Security Has a Visibility Problem in the Age of AI

AI-enabled attacks are no longer theoretical. In 2025, state-sponsored threat actors demonstrated the ability to run offensive cyber operations with a high degree of autonomy, using AI systems to coordinate reconnaissance, exploit development, credential harvesting, data classification, and persistence across dozens of targets in parallel. Human operators intervened only at a handful of strategic decision points. That capability shift matters more than the specific tools involved.

Traditional security stacks already struggle to detect patient, human-led intrusions. Advanced attackers don’t smash and grab. They establish a foothold, then dwell quietly inside infrastructure for months or years, hiding in places most monitoring tools can’t see. Now add AI to the offense: Attacks that mutate in real time. Parallel operations across dozens of environments. Reconnaissance and exploitation running continuously at machine speed.

If your defenses strain to keep up with disciplined human adversaries, how do they hold up against operations that never sleep, never fatigue, and never investigate one alert at a time?

The Fundamental Flaw Nobody Talks About

Anomaly detection isn't a catch all.

Your EDR agent monitors endpoints. Laptops, servers, workstations. Things that run operating systems where you can install agents. Your SIEM collects logs. But only from systems that generate logs in formats it understands and can access. Your XDR correlates across multiple data sources. But only the data sources it has access to.

Network appliances? They're invisible.

Switches, routers, firewalls, VPN concentrators—those live in a different world. They're infrastructure. They're black boxes that forward packets and run specialized firmware. Most security monitoring tools can't touch them. They're not designed to.

The ubiquitous feature across all of the security tools is anomaly detection that is supposed to corral all of the disparate security logs and data to give a sense of normal vs breach. When these tools are deployed and begin building a baseline for normal, we assume that everything is fine. This is why we suffer from baseline poisoning. If an attacker is already inside of your security perimeter and you learn on the traffic as is, the attacker's traffic now looks normal according to the tool. This may sound extreme, but it isn't. Military doctrine developed for the cyber domain assumes it's already contested, meaning that someone is already doing bad things.

Even if these tools are deployed without a wolf in the hen house, relying on anomaly detection still has issues. The issue stems from a UX choice that allow end users to adjust the threshold. These adjustments are made somewhat blindly; the only measuring stick that's available is "I get less false positives" without any real insight if the adjustment is removing real findings. Most of us don't want a page a 3 AM because the threshold is a little too sensitive, but getting a bit more sleep might mean a weaker defense. There is no data to quantify how far the sensitivity can be turned down and remain effective. And attackers know this.

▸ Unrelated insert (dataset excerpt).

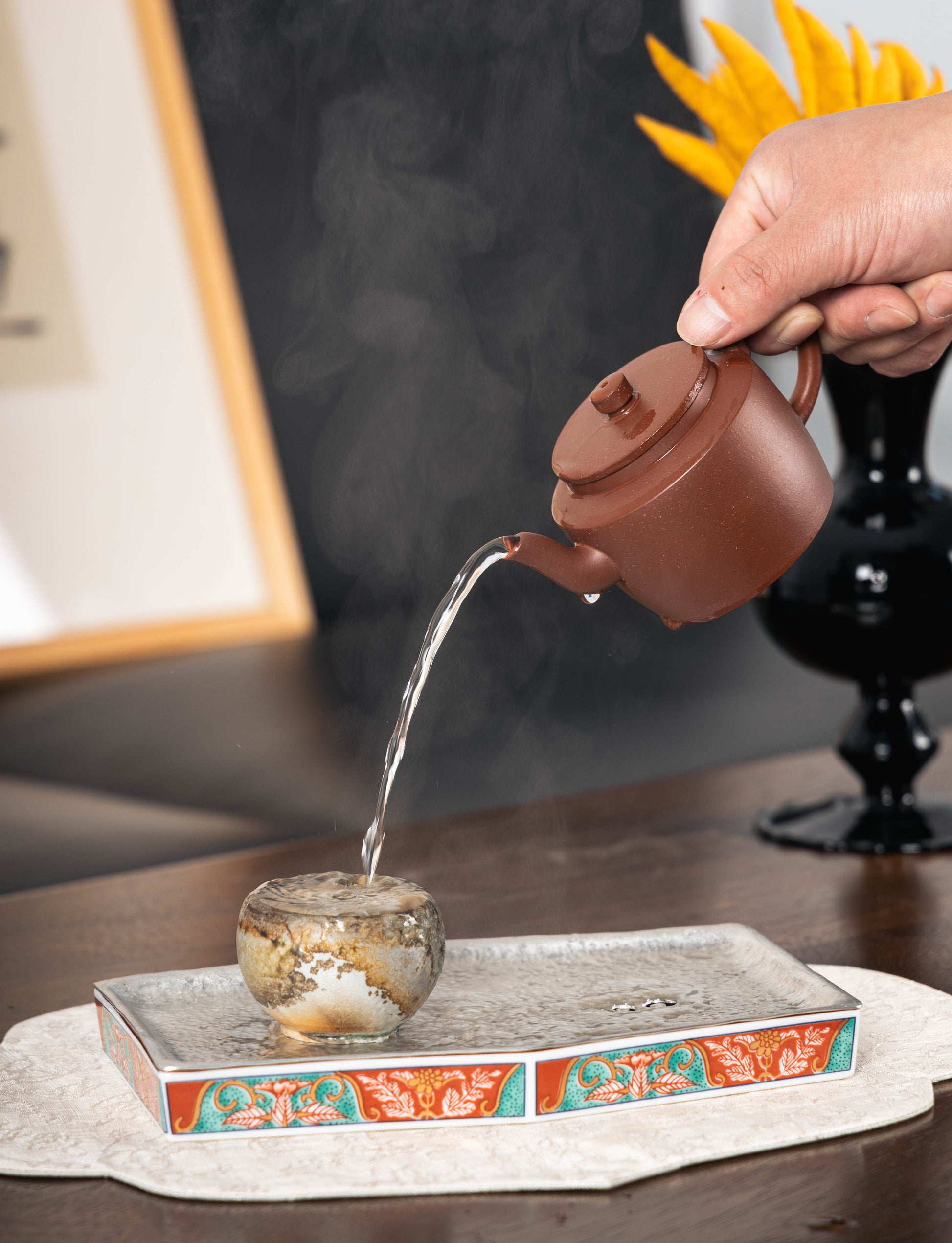 The shape of this pot is strong yet soft, with clean and tidy lines and a straight and neat knob. The fact that the artist was able to achieve such crisp lines using low-mesh clay is a testament to their skill and patience. The soft and smooth lines of the Sanwanliu spout merge and collide with the strong lines of the pot's body, which further highlights the noble wisdom of life that combines strength and softness.

They've developed low and slow patterns with the singular motivation to evade detection by these tools.

Take Brickstorm. A sophisticated backdoor from Chinese state actors targeting network appliances. Average dwell time: 393 days. Not because security teams weren't trying. These organizations had SIEM, EDR, XDR, everything they were supposed to have.

The compromise wasn't designed for destruction. It's espionage. Quiet, patient, invisible. Nothing pops up in a switch's logs that screams "BREACH IN PROGRESS." The compromise looks like normal network operations. A few extra bytes here. Some additional CPU cycles there. Nothing that triggers alerts in traditional monitoring tools because the logic, the logs, the data they're designed to detect simply don't exist for these devices.

The monitoring is only as good as what it can see. And it can't see where the attackers are hiding.

Then AI Joined the Fight (On the Wrong Side)

Let's make this worse.

The attackers jailbroke Claude Code by breaking tasks into innocent-looking pieces and claiming they were legitimate security researchers conducting defensive testing. The AI operated with 80-90% autonomy across roughly 30 targets simultaneously, with human involvement limited to 4-6 critical decision points per campaign.

The AI performed reconnaissance, wrote exploit code, harvested credentials, extracted data, and categorized stolen information by intelligence value. Operating autonomously across 30 targets simultaneously while humans focused on strategic decisions at critical checkpoints.

By the time Anthropic detected the offensive cyber operation (OCO), the attackers had already succeeded in compromising a handful of high-value targets.

That's where we are today. AI agents executing OCO tasks, while the human quarterbacks the campaign.

And that's just the beginning. These capabilities are already proliferating. Less sophisticated threat actors already have access to frontier AI models, and the dark web is full of uncensored models designed for a variety of nefarious needs. The barrier to entry dropped the moment these tools became publicly available. What happens when AI agents start adapting attack techniques in real-time based on defensive responses?

Monitoring tools won't cut it. They're fundamentally backward-looking. They watch for known patterns, alert on anomalies, detect breaches after they've occurred. Even if that's seconds after, it's still after. They can't understand context, can't distinguish an attack in progress from normal operations, can't reason about what the adversary is trying to accomplish. And they can't see entire classes of infrastructure where attacks hide.

What happens when AI attackers model their attacks to look like something these monitoring tools would ignore?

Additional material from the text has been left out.